Ce choix a été retoqué en décembre dernier par le Comité Européen de la Protection des Données, qui a condamné la société à changer d’approche, estimant que cette justification n’était pas valable dans une telle situation. Conséquence : Meta devait donc modifier la façon dont le groupe recueille le consentement des utilisateurs pour le traitement des données à des fins publicitaires. Et le groupe de Mark Zuckerberg avait trois mois pour changer les choses – ce délai court jusqu’en avril – ce qui explique l’annonce du jeudi 30 mars.
« Meta remplace une pratique illégale par une autre pratique illégale »

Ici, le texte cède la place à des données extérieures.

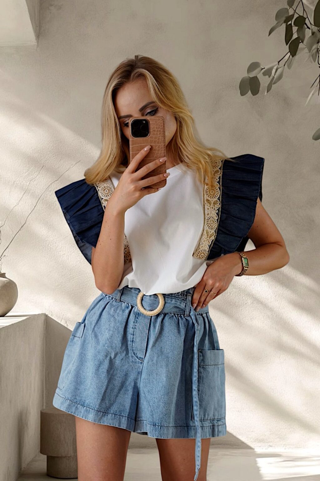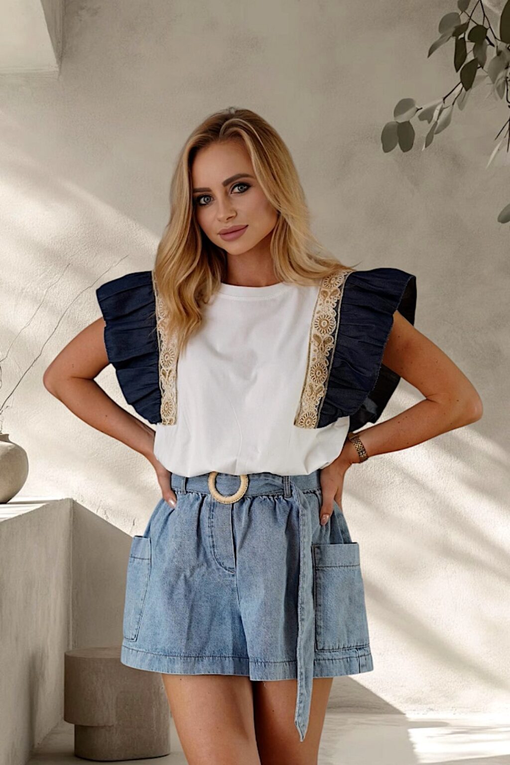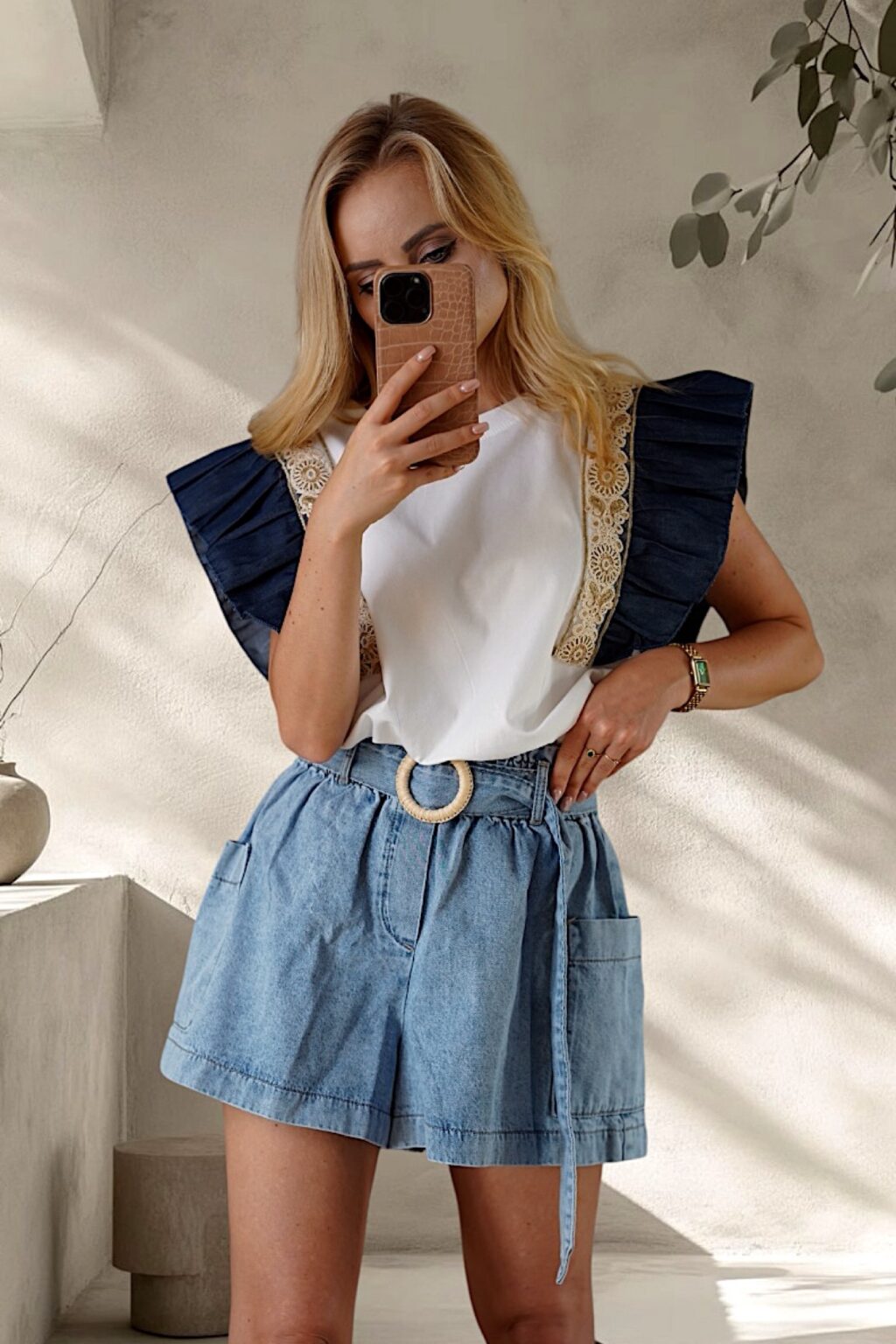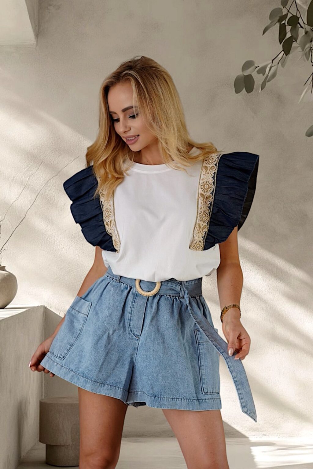 Boho Spirit to kwintesencja swobody i stylu boho. Bawełniana baza została urozmaicona ozdobnymi rękawkami z falbankami i koronką, dzięki czemu koszulka staje się efektownym elementem stylizacji. Pasuje zarówno do jeansowych szortów, jak i do spódnicy maxi czy spodni palazzo. To koszulka, która w prosty sposób nadaje charakteru całemu outfitowi.

Meta, qui a fait appel aux décisions des autorités européennes, a expliqué qu’en attendant, il préférait se conformer à ces demandes. Dans un billet de blog publié jeudi 30 mars, il a expliqué comment il comptait recueillir le consentement des utilisateurs. Et quelle base juridique (donc quel article du RGPD) il comptait utiliser pour être conforme au droit européen. Meta a expliqué qu’il allait se prévaloir d’un autre des six cas listés à l’article 6 du RGPD : celui de « l’intérêt légitime ».
L’idée est la suivante : le consentement explicite n’a pas besoin d’être recueilli si, « dans le cadre d’une relation client, le traitement d’une donnée permet de poursuivre les intérêts légitimes du prestataire de services – à condition que cela ne se fasse pas au détriment des intérêts de l’utilisateur ou de ses droits et libertés ».
Problème : toutes les plateformes qui ont essayé de se servir de cet article pour justifier le traitement des données se sont toutes fait retoquer par les cours de justice européennes. NOYB, l’association de défense des droits numériques qui avait déposé plainte contre les réseaux sociaux de Meta, a déjà expliqué qu’elle allait faire de même pour invalider cette approche, sur son site web. « Meta remplace une pratique illégale par une autre pratique illégale. NOYB intentera une action en justice imminente pour mettre fin à cette mascarade », a expliqué Max Schrems, cité par le communiqué de NOYB.
Outre la prochaine action en justice de NOYD, la nouvelle approche de Meta pourrait ne pas suffire aux régulateurs européens. Car Meta se donne le droit, une fois que le formulaire de demande de publicités moins personnalisées a été envoyé, « d’évaluer » la demande, avant de « la mettre en œuvre ». Ce qui sous-entend que les demandes pour ne plus recevoir de publicités très ciblées ne seront pas automatiquement accordées. La façon dont cette mesure sera appliquée, en pratique, sera dans tous les cas particulièrement observée.